Il tecnico romano deve fare a meno di Di Cesare e si rivede, in difesa con Moras, Tonucci. 4-3-3 con Brienza, De Luca e Maniero mentre a centrocampo Basha prende il posto di Fedele. Fabrizio Castori, invece, si affida un 4-1-4-1 con Mbaye a fungere da frangi-flutti davanti alla difesa mentre De Marchi viene preferito a Lasagna, nel ruolo di punta centrale. Primo tempo abbastanza noioso con un paio di occasioni da una parte e dall’altra: prima è Letizia che ci prova ma Micai è attento poi è Brienza a trovare pronto Colombi. La partita si scalda sul finire di tempo: prima è Maniero a farsi murare da Colombi poi è l’arbitro Sacchi a farla da protagonista non concedendo un fallo, abbastanza netto, su De Luca poi è Brienza (sempre su punizione) ad alzare troppo la mira. La gara si chiude con molto nervosismo e la ripresa vede i biancorossi entrare in campo aggressivi: dopo un tentativo di De Marchi arriva il vantaggio del Bari con Mijien Basha che esplode, dai 20 metri, un siluro che si spegne nell’angolino basso alla sinistra di Colombi. Il Bari è rinfrancato, non si abbassa e cinque minuti più tardi trova il gol con Fedele: azione stupenda dei biancorossi partita dai piedi di Brienza che arma il cross di Sabelli, il terzino romano trova perfettamente l’inserimento di Fedele che fa 2-0; il centrocampista elvetico va ad esultare sotto la Curva Nord dopo che, in settimana, i Seguaci lo avevano sostenuto dopo l’autogol visto con lo Spezia.

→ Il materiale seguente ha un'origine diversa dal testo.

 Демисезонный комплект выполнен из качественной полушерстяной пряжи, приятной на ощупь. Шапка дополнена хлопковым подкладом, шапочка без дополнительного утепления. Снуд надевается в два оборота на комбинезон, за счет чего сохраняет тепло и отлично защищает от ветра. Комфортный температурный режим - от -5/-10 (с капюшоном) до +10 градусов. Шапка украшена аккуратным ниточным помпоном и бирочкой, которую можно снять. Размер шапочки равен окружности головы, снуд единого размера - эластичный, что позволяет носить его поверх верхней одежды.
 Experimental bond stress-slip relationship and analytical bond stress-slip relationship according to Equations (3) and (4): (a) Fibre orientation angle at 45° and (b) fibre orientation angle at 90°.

La gara, praticamente, si chiude qua con i pugliesi bravi a gestire il doppio vantaggio sino al 90esimo. Dopo cinque minuti di recupero, arriva il fischio finale dell’arbitro Sacchi di Macerata che decreta la vittoria del Bari.

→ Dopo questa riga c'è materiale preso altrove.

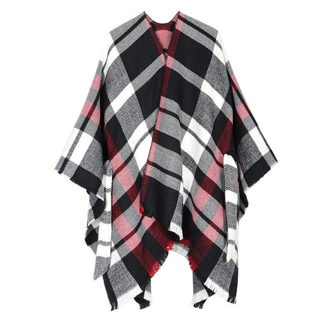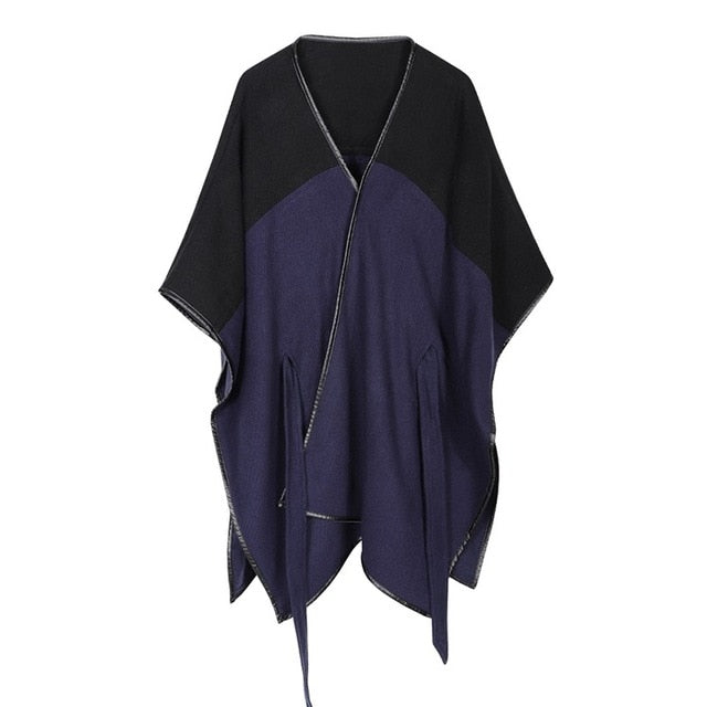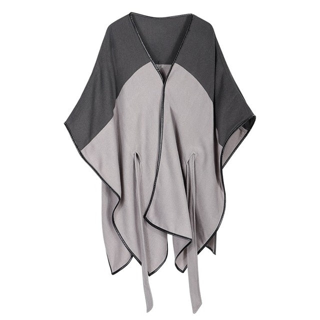 Elegant Poncho Scarf With Cashmere Material And Waistband Decoration

Prima vittoria per Stefano Colantuono alla guida del Bari che esce dal difficile duetto Spezia-Carpi con quattro punti in saccoccia che, sfortuna a parte, potevano essere anche sei. La vittoria odierna, come ribadito anche dallo stesso Colantuono, non può essere la medicina che risolve tutti i mali del galletto che hanno ancora da lavorare. Da segnalare, comunque, la prima vittoria stagionale contro un avversario più avanti in classifica e di blasone diverso come il Carpi. Una notizia positiva di oggi è il fatto che i due gol sono arrivati dai centrocampisti che hanno trovato il pertugio giusto. Tre punti che consentiranno di preparare bene la gara difficilissima che attende il Bari al “Bentegodi” contro un Verona ferito dai nove gol incassati in due giornate.

BARI: Micai, Sabelli, Moras, Tonucci, Cassani, Valiani, Romizi, Basha, De Luca, Brienza, Maniero.

CARPI: Colombi, Poli, Struna, Gagliolo, Romagnoli, Letizia, Di Gaudio, Mbaye, Bianco, Lollo, De Marchi.